Rebecca Mennecke
If gravity is a force of attraction,
why does it keep us all so far away
from each other? When Isaac Newton
formed theories of motion, he was alone
at home, avoiding the Bubonic Plague,
the Great Plague, the Black Death
Plague, the Bring Out Your Dead Plague
because that’s all anyone was back then
before vaccines and hand soap and Purell
that’s out of stock anyway. It would be two
hundred years before scientists
determined what bacteria plotted
such a diabolical illness: skin turning black
with blood, filling pores, pouring
onto rat fleas to infect
the next victim. But no one knew
that, back then. Talk about living
in uncertain times. Back then,
there was no twenty second rule, no six
foot rule, no limit one toilet paper pack
per customer rule, only the rules
of physics we call laws
because they created order
from disorder, which the world probably
needed. And Newton made lots of laws:
creating early calculus while his room
was lit by candles instead of electricity,
looking through prisms to study
refractions of colors—signifying
promise—to determine optics, lazing
beneath a tree and thinking how
all motion leads downward
or repels.
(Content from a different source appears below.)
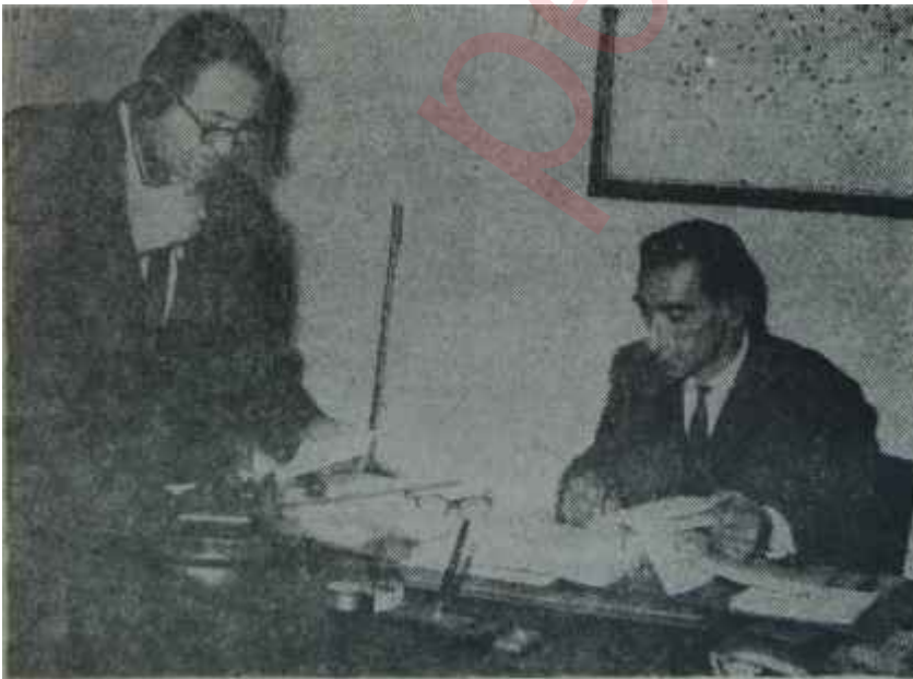
A.P. Genel Merkezinde Erdemir ve Türkeş benzeyen memur

Infinitesimal calculus
is the study of continuous
change, so what Newton really
hypothesized is a theory of
life because everything is changing:
plane fumes aren’t soaring so high
above ground like they used to,
the rivers in Italy look like water,
real water, & less gas in the sky
from cars mean people can breathe,
and everyone applauds the guy
who works at Wal-Mart because finally,
finally, we all see how his work is good
too, & I have to wonder, sitting at home
like Isaac Newton, quarantined and self-
isolated in self-pity while new
plagues ravage cities where I grew
up, eating everyone in the world whole:
if every action has an equal and opposite
reaction, then the budding growths
on the trees outside my window—
as the sky pours down
my windowsill—well, they must
be the Earth’s form of
balance.
Rebecca Mennecke is the editor of NOTA, and a writer and student in Eau Claire.